Oracle Zero Downtime Migrationのリソースを確認します:
- Oracle Zero Downtime Migration
- Oracle Zero Downtime Migrationのビデオ
- Oracle Zero Downtime Migrationソフトウェアのインストール
論理移行リソースを確認します。
- "Setting Logical Migration Parameters" in Move to Oracle Cloud Using Zero Downtime Migration Guide
- ステップバイステップ・ガイド- オンプレミスからOracle Autonomous Databaseへの論理オンライン移行
Oracle Databaseのリソースを確認します。
- 『Oracle Databaseグローバリゼーション・サポート・ガイド』のタイムゾーン・ファイルおよびタイムゾーン・データによるタイムスタンプのアップグレードに関する項
必要な製品およびロールについて
このソリューションには次の製品が必要です。
- Oracle Cloud Infrastructure Identity and Access Management
- OCIコンピュート
- OCI Object Storage
- OCI File Storage
- Oracle Zero Downtime Migration
- x86サーバーまたはOracle Database Appliance
- Oracle Exadata Database Service on Dedicated InfrastructureまたはOracle Base Database Service
各製品に必要なロールは次のとおりです。
製品名: ロール | 必須... |
---|---|
Oracle Cloud Infrastructure Identity and Access Management: OCI_user |
バケットにデータをアップロードするためのAPIキーの作成 |
OCIコンピュート: admin |
OCI Computeインスタンスを作成してOracle Zero Downtime Migrationソフトウェアを実行します |
OCIオブジェクト・ストレージ: Storage Admin |
エクスポートされたデータをアップロードするためのOCI Object Storageバケットの作成 |
OCIファイル・ストレージ: Storage Admin |
論理移行用のOCIファイル・ストレージの作成 |
Oracle Zero Downtime Migration: opc |
zdmuser を作成して、Oracle Zero Downtime Migrationソフトウェアをインストールおよび実行します
|
Oracle Zero Downtime Migration: zdmuser |
|
x86サーバーまたはOracle Database Appliance: root/sudoer user |
|
x86サーバーまたはOracle Database Applianceデータベース: sys/system |
Data Pumpを実行してデータベースをエクスポートします。 |
Oracle Exadata Database Service on Dedicated InfrastructureまたはOracle Base Database Service: Database Admin |
ターゲット・データベースの作成 |
Oracle Exadata Database Service on Dedicated InfrastructureまたはOracle Base Database Service VMクラスタ・ノード: opc |
|
Oracle Exadata Database Service on Dedicated InfrastructureまたはOracle Base Database Serviceデータベース: sys/system |
Data Pumpを実行して、論理移行用のデータベースをインポートします。 |
必要なものを取得するには、Oracle製品、ソリューションおよびサービスを参照してください。
移行に関する考慮事項
移行を開始する前に、次の前提と考慮事項を確認してください。
- Oracle Zero Downtime Migrationでは、x86サーバーまたはOracle Database ApplianceからOracle Base Database ServiceおよびOracle Exadata Database Service on Dedicated Infrastructureへの2種類のデータベース移行(論理移行および物理移行)がサポートされています。この方法は最も単純なため、論理移行を使用することをお薦めします。物理移行では、ソース・データベースとターゲット・データベースを同じパッチ・レベルにする必要があります。

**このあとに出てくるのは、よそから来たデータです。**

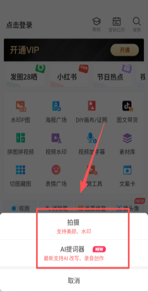 3、回首页点“开通VIP”,再选水印P图或AI提词器开始创作。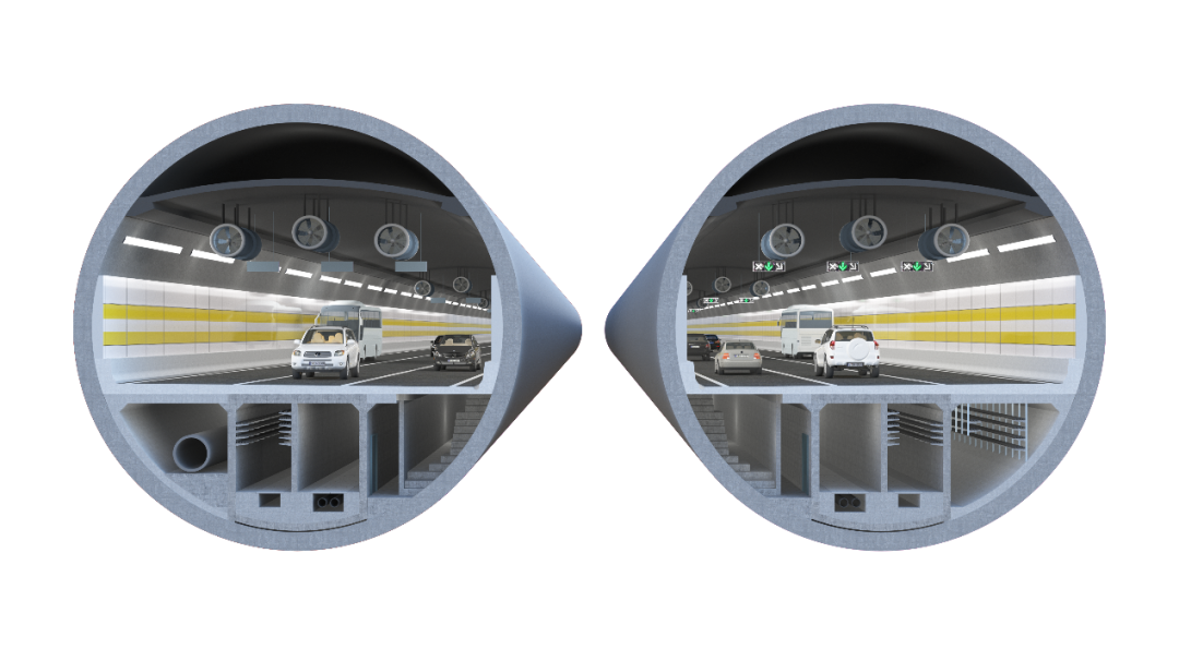為減少市政管線過(guò)黃河成本,充分利用市政隧道下部通道資源搭載穿黃河市政管線,隧道下部預(yù)留穿黃河市政管線艙。同時(shí),盾構(gòu)段采用在車(chē)行道路面下設(shè)置逃生疏散樓梯與專(zhuān)用逃生救援通道(縱向逃生救援方案),并結(jié)合工作井設(shè)置車(chē)行橫通道、明挖暗埋段設(shè)置人行橫通道的縱向結(jié)合橫向疏散救援的綜合方案,形成可靠高效的疏散救援設(shè)施,確保運(yùn)行安全。

- このプレイブックのステップでは、オフラインの論理移行を使用して移行する方法を説明します。オンラインの論理移行を使用して移行する方法については、ドキュメントのレビュー・セクションを参照してください。論理オンライン移行中、Oracle Zero Downtime Migrationは、移行中にデータベースが常にオンラインになるように、ソース・データベースとターゲット・データベース間の移行用にOracle GoldenGateを構成します。
- 論理移行中に、プラガブル・データベース(PDB)またはスキーマ(あるいはその両方)が移行されます。非コンテナ・データベース(非CDB)は、Oracle Base Database ServiceまたはOracle Exadata Database Service on Dedicated Infrastructureで実行されているコンテナ・データベースで構成されたプラガブル・データベースに移行されます。

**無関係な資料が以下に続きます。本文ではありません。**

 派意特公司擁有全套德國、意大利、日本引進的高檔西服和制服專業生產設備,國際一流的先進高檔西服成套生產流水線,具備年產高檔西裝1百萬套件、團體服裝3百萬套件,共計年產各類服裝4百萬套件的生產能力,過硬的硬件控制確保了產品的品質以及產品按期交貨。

- 論理移行には共有ファイル・システムが必要です。論理移行中、Oracle Zero Downtime MigrationはデータをOCI Object Storageに直接エクスポートしません。ソース・データベースでは、Oracle Zero Downtime Migrationはデータを共有ファイル・システム(ネットワーク・ファイル・システムまたはOracle Advanced Cluster File System)にエクスポートします。エクスポートされたデータは、OCI Object Storageにアップロードされます。Oracle Zero Downtime Migrationは、データ・ダンプをOCI Object StorageからOCI File Storageに移動します。最後に、Oracle Base Database ServiceまたはOracle Exadata Database Service on Dedicated Infrastructureは、ネットワーク・ファイル・システムを介してOCI File Storageからデータをインポートできます。

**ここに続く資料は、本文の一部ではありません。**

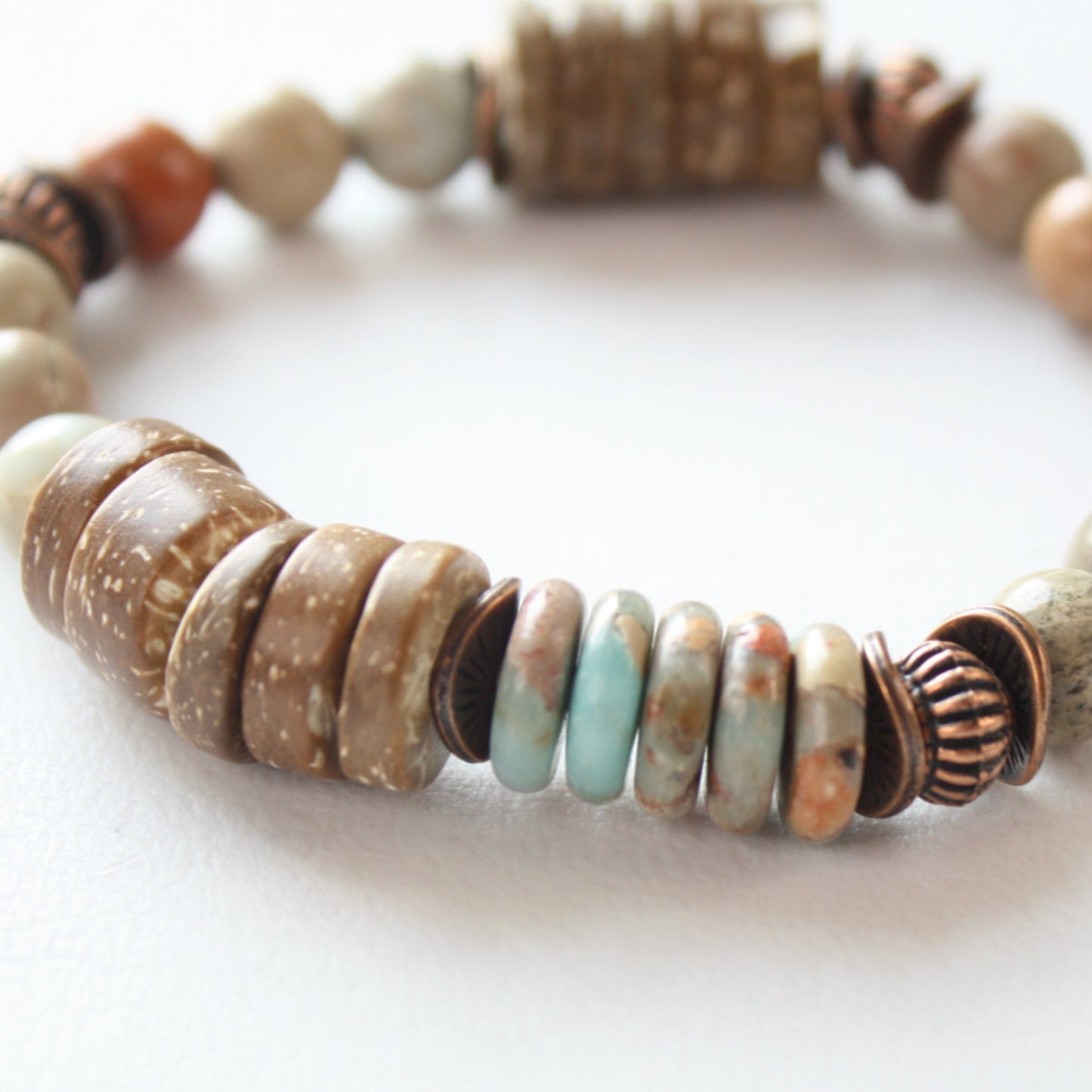Elevate your fashion game with this handmade multi-strand Aqua Terra and wood stretch bracelet – the must-have accessory for those who crave that boho chic flair! This piece isn't just a bracelet; it's a ticket to a world of style, and it's here to bring out the free spirit in you.

- オンプレミスのx86サーバーまたはOracle Database Applianceデータベースは、単一インスタンス・データベースとRACデータベースの両方を実行できます。Oracle Base Database Serviceでは単一インスタンス・データベースとRACデータベースの両方を実行できますが、Oracle Exadata Database Service on Dedicated Infrastructureでは常にRACデータベースが実行されます。データベースの移行中、Oracle Zero Downtime Migrationは、必要に応じて単一インスタンスをRACデータベースに変換します。
- Oracle Transparent Data Encryptionデータベース暗号化は、x86サーバーまたはOracle Database Applianceで実行されるオンプレミス・データベースではオプションです。データベースをOracle Base Database ServiceまたはOracle Exadata Database Service on Dedicated Infrastructureに移行する場合、ターゲット・データベースは常に暗号化されます。
- ソース・データベースとターゲット・データベースは、同じタイムゾーン・ファイルを実行する必要があります。手順については、「ドキュメントの確認」の項の「タイムゾーン・ファイルおよびタイムゾーン・データ付きタイムスタンプのアップグレード」を参照してください。
- このプレイブックのステップでは、Oracle Database Applianceがインストールされているデータ・センターと、ターゲット・データベースとOracle Zero Downtime Migration仮想マシンが構成されているOCI Virtual Cloud Networkの間に(アーキテクチャ図に示すように、FastConnectまたはIPSec VPNを介して)直接ネットワーク接続があることを前提としています。
- ソース・データベースとターゲット・データベースの
sys
パスワード、ウォレット・パスワード、データベース・バージョン、データベース名およびパッチ・レベルが同じである必要はありません。